→ **Problem statement**: Set down the data below in full and exactly, minus the pictures.

→ **Collected data**:
= = =
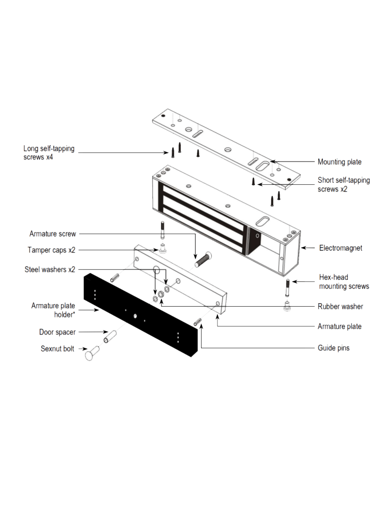 La serie E-941Sx de cerraduras electromagnéticas es la forma ideal de asegurar una puerta contra la entrada no autorizada. Cuando se aplica energía a la cerradura electromagnética, se crea un campo magnético extremadamente fuerte. El electroimán es fuertemente atraído por la placa de armadura de acero que está montada en la puerta asegurada. Una vez que el electroimán está desactivado, la puerta asegurada funcionará normalmente sin ningún magnetismo residual.
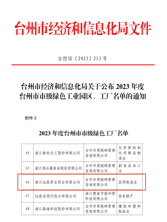 11月17日,臺州市經(jīng)濟(jì)和信息化局公布2023年度臺州市市級綠色工業(yè)園區(qū)、工廠名單,君業(yè)藥業(yè)榮獲“市級綠色工廠”榮譽(yù)稱號。
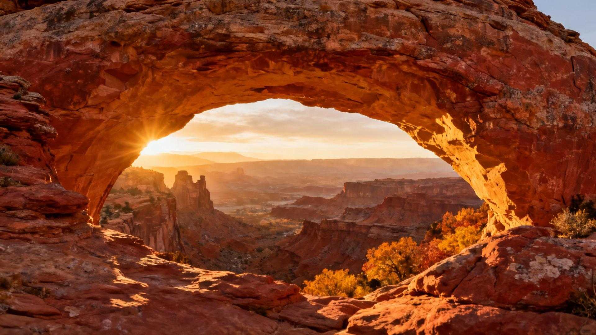 This tiny arch’s Navajo Sandstone composition creates a unique light-catching effect at dawn. The east-facing orientation allows morning sunlight to illuminate the arch’s underside while simultaneously backlighting the vast canyon beyond. The iron oxide minerals in the sandstone intensify the warm colors, creating that signature glow that’s made Mesa Arch famous among landscape photographers worldwide.
= = =
→ **Solution to this problem**:
 La serie E-941Sx de cerraduras electromagnéticas es la forma ideal de asegurar una puerta contra la entrada no autorizada. Cuando se aplica energía a la cerradura electromagnética, se crea un campo magnético extremadamente fuerte. El electroimán es fuertemente atraído por la placa de armadura de acero que está montada en la puerta asegurada. Una vez que el electroimán está desactivado, la puerta asegurada funcionará normalmente sin ningún magnetismo residual.
 11月17日,臺州市經(jīng)濟(jì)和信息化局公布2023年度臺州市市級綠色工業(yè)園區(qū)、工廠名單,君業(yè)藥業(yè)榮獲“市級綠色工廠”榮譽(yù)稱號。
 This tiny arch’s Navajo Sandstone composition creates a unique light-catching effect at dawn. The east-facing orientation allows morning sunlight to illuminate the arch’s underside while simultaneously backlighting the vast canyon beyond. The iron oxide minerals in the sandstone intensify the warm colors, creating that signature glow that’s made Mesa Arch famous among landscape photographers worldwide.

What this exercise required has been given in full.